Clin Endosc.  2013 Sep;46(5):456-462.

Preventing and Controlling Bleeding in Gastric Endoscopic Submucosal Dissection

Affiliations
  • 1Division of Gastroenterology, Department of Internal Medicine, Yonsei Institute of Gastroenterology, Yonsei University College of Medicine, Seoul, Korea. sklee@yuhs.ac

Abstract

Although techniques and instruments for endoscopic submucosal dissection (ESD) have improved, bleeding is still the most common complication. Minimizing the occurrence of bleeding is important because blood can interfere with subsequent procedures. Generally, ESD-related bleeding can be divided into intraprocedural and postprocedural bleedings. Postprocedural bleeding can be further classified into early post-ESD bleeding which occurs within 48 hours after ESD and late post-ESD bleeding which occurs later than 48 hours after ESD. A basic principle for avoiding intraprocedural bleeding is to watch for vessels and coagulate them before cutting. Several countertraction devices have been designed to minimize intraprocedural bleeding. Methods for reducing postprocedural bleeding include administration of proton-pump inhibitors or prophylactic coagulation after ESD. Medical adhesive spray such as n-butyl-2-cyanoacrylate is also an option for preventing postprocedural bleeding. Various endoscopic treatment modalities are used for both intraprocedural and postprocedural bleeding. However, hemoclipping is infrequently used during ESD because the clips interfere with subsequent resection. Bleeding that occurs as a result of ESD can usually be managed easily. Nonetheless, more effective ways to prevent bleeding, including reliable ESD techniques, must be developed.

Keyword

Endoscopic submucosal dissection; Hemorrhage; Prevention and control; Hemostasis

MeSH Terms

Adhesives
Enbucrilate
Hemorrhage
Hemostasis
Adhesives
Enbucrilate

Figure

  • Fig. 1 Examples of intraprocedural bleeding. (A) A saline solution containing epinephrine (0.01 mg/mL) mixed with indigo carmine was injected into the submucosal layer using a 21-gauge needle to lift the lesion from the muscle layer. (B) Bleeding from the injected site can be controlled relatively easily with strategies including spontaneous hemostasis, saline spray with diluted epinephrine, and compression with an endoscope tip. (C) Circumferential incision in the stomach upper body. (D) Bleeding from needle knife incision. Bleeding in the upper body occurs because of abundant submucosal blood vessels with large diameters. This bleeding is more serious than bleeding from injections. Bleeding from lesions comes into the endoscope cap, which is retroflexed, obscuring the vision. (E) Bleeding from insulated tipped knife incision. (F) Bleeding could not be identified here, and therefore (G, H) additional incisions were performed in order to see the bleeding source more clearly. Coagulation of the abundant vascular networks using a knife with swift mode was performed.
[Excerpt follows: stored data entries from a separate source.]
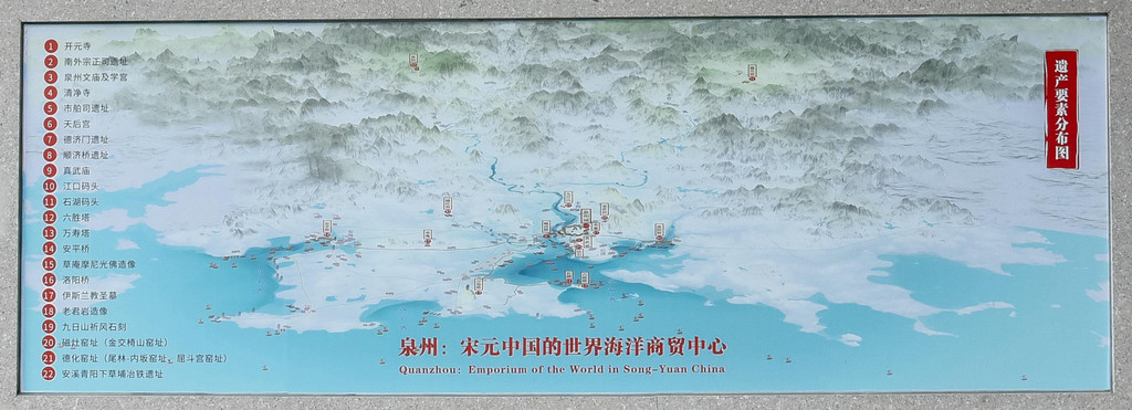 2021年,“泉州:宋元中国的世界海洋商贸中心”申遗成功,成为中国第56项世界遗产,也是国内世遗大家庭中“最年轻”成员。总共有22个遗产要素,分布于以今天泉州城区为核心的泉州湾地区,包括九日山祈风石刻、市舶司遗址、德济门遗址、天后宫、真武庙、南外宗正司遗址、泉州府文庙、开元寺、老君岩造像、清净寺、伊斯兰教圣墓、草庵摩尼光佛造像、磁灶窑址(金交椅山窑址)、德化窑址(尾林—内坂窑址、屈斗宫窑址)、安溪青阳下草埔冶铁遗址、洛阳桥、安平桥、顺济桥遗址、江口码头、石湖码头、六胜塔、万寿塔22个遗产点,涵盖了社会结构、行政制度、交通、生产和商贸诸多重要文化元素。这些遗产点具有鲜明的海上贸易和东西方文明交融特征,古老、生动,甚至世所罕见,见证了“刺桐”这座古代东方大港的地位、奉献和风韵。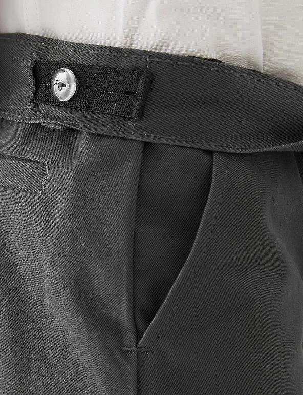 These school trousers are designed to make sure kids stay comfy all day. Made from soft, pure cotton in a classic fit with regular-cut legs. An adjustable waist and grow-proof hems will help them fit all year long. Specially designed for sensitive skin with flat seams and no rough labels or finishes. We only ever use responsibly sourced cotton for our clothes.
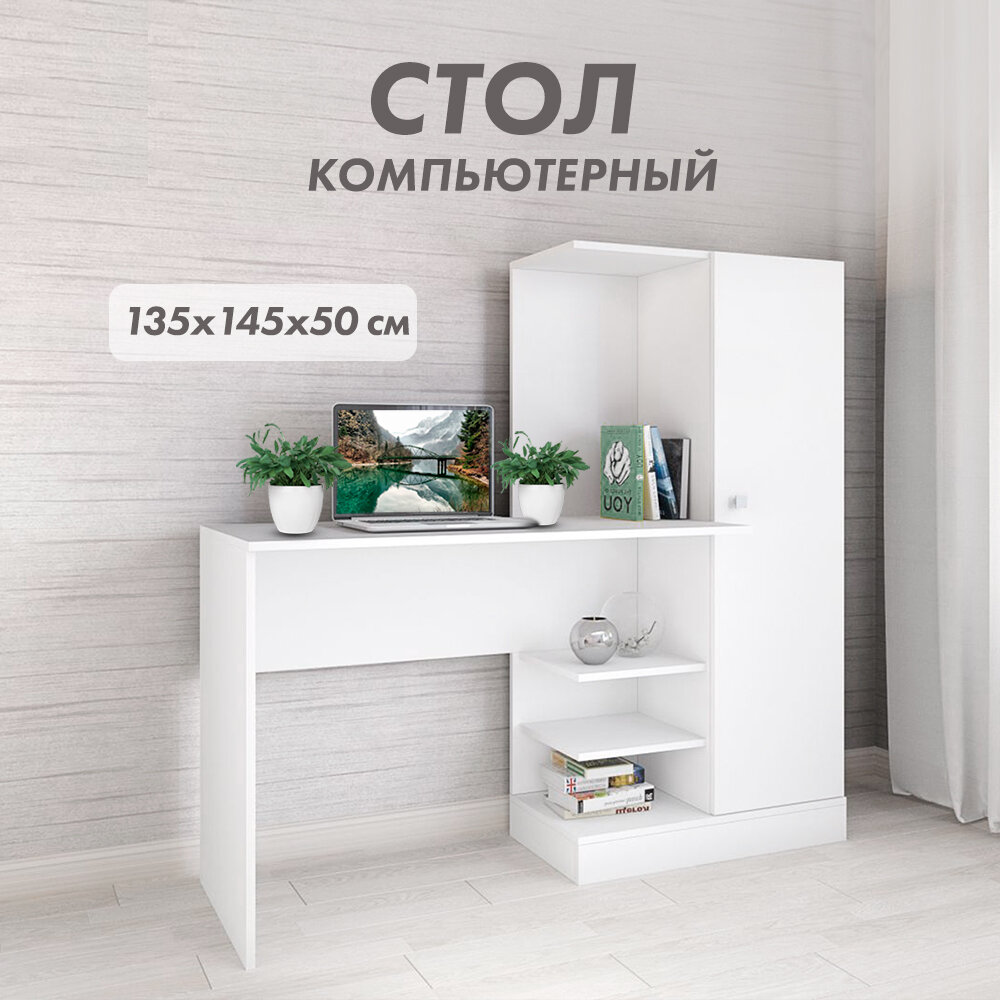 Стол компьютерный (1350х1450х500) белый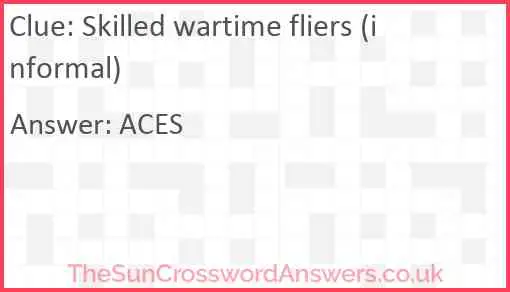 Skilled wartime fliers (informal) is a crossword clue for which we have 1 possible answer and we have spotted 1 times in our database. This crossword clue was last seen on 01 February 2020 in The Sun Coffee Time Crossword puzzle!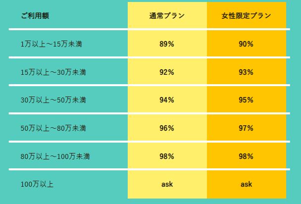 最高換金率は変わりませんが、少額の利用時には1%アップするのでオトクに現金化ができます。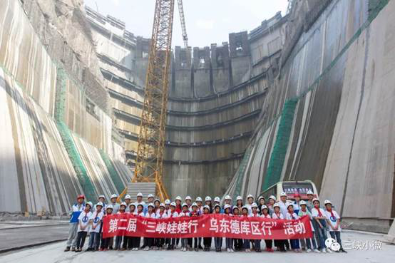 本网讯(袁磊)6月4日,乌东德水电站工程大坝水垫塘区域的施工依旧如火如荼。和往常不同的是,在轰鸣的机器声中,夹杂着些许稚嫩的惊叹:“哇,好高啊!”“好雄伟!”“真是壮观!”……
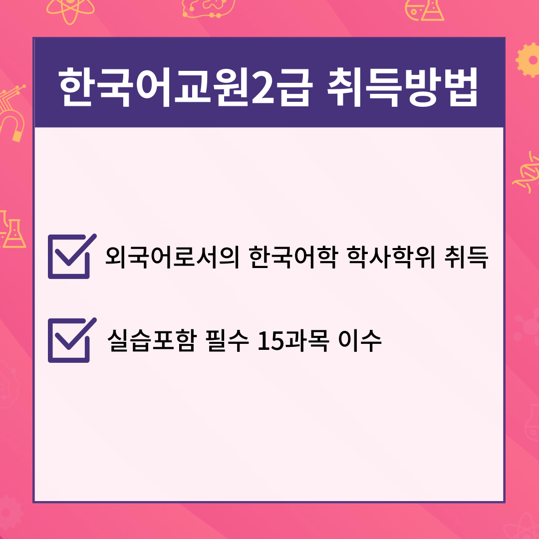 가장 일반적인 한국어 교원 자격증 취득방법은 ‘외국어로서의 한국어학’ 전공을 통해 학사 학위를 취득하는 길입니다. 문화체육관광부로부터 지정받은 대학(원)에서 필수 15과목(실습 포함)을 이수해야 합니다. 이 과정은 이론과 실기를 겸비한 전문가를 양성하는 체계적인 코스입니다.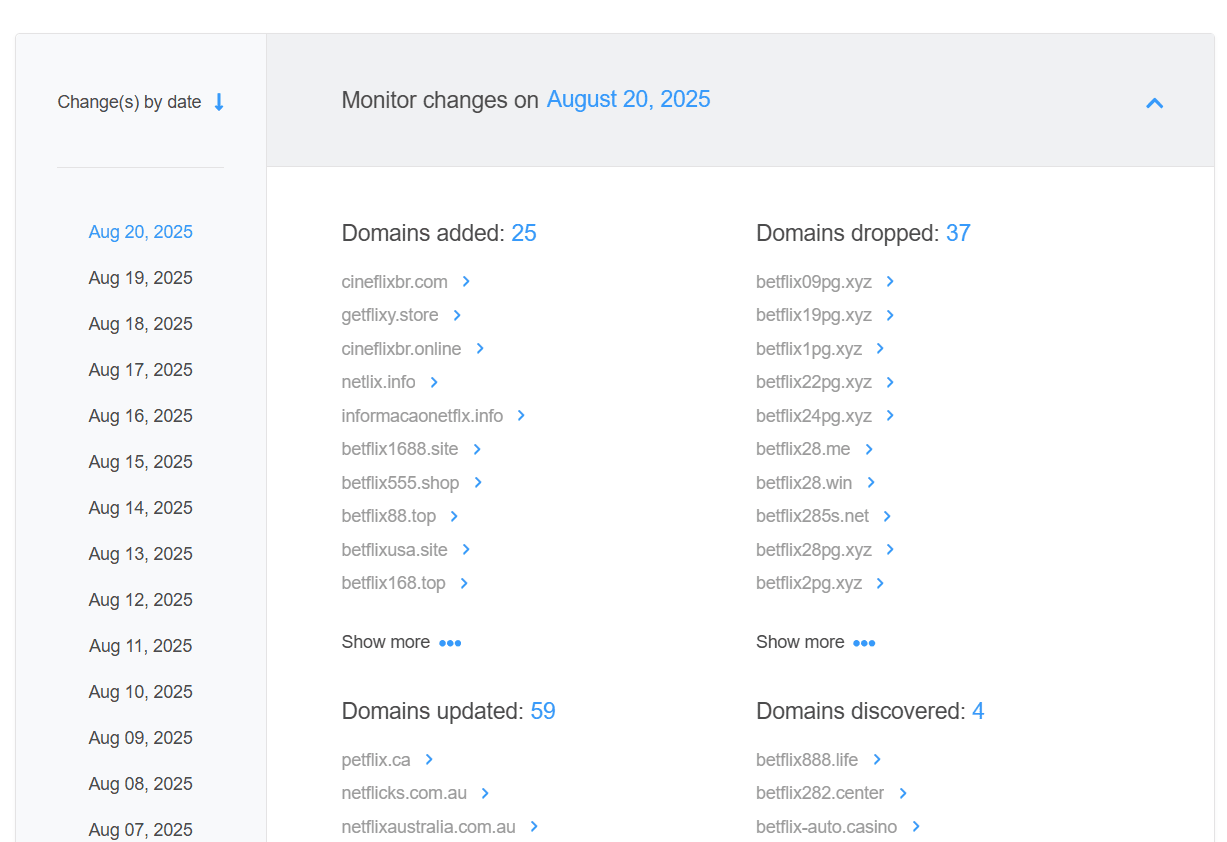 Brand monitoring services like WhoisXML API’s Brand Monitor can alert you when someone registers a domain that closely resembles your domain name. Here’s an example of a brand monitor we set up for Netflix, which showed that 25 look-alike domains were added in one day alone.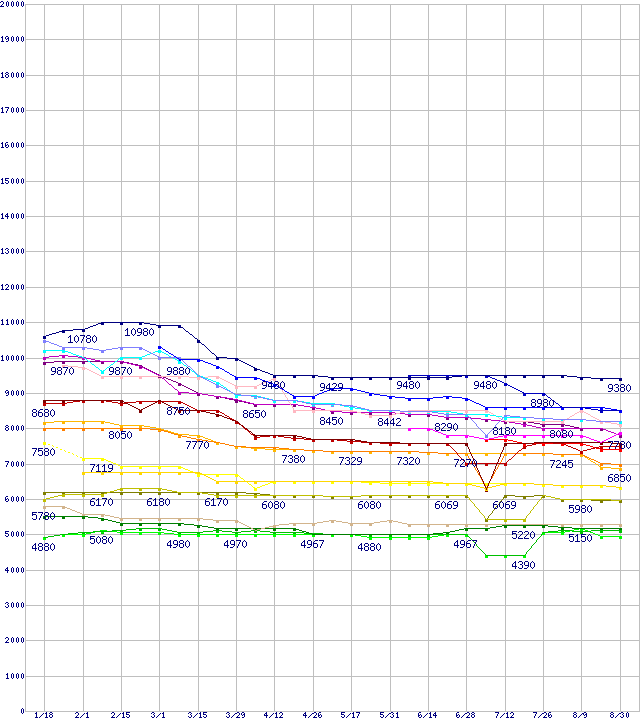 | HDD主要製品(最安値1万円未満)の最安値推移 | | | (2007年1月18日~2007年8月30日) |

  • Fig. 2 Watch for vessels, and coagulate them before cutting to prevent intraprocedural bleeding. Understanding stomach anatomical characteristics such as large-diameter perforating vessels in the lesser body curvature is important. Submucosal dissection in this area should be cautious compared to the antrum. (A-C) During submucosal dissection, one large vessel was identified, and dissection was stopped. (D-F) Thermocoagulation hemostasis using hemostatic forceps was performed.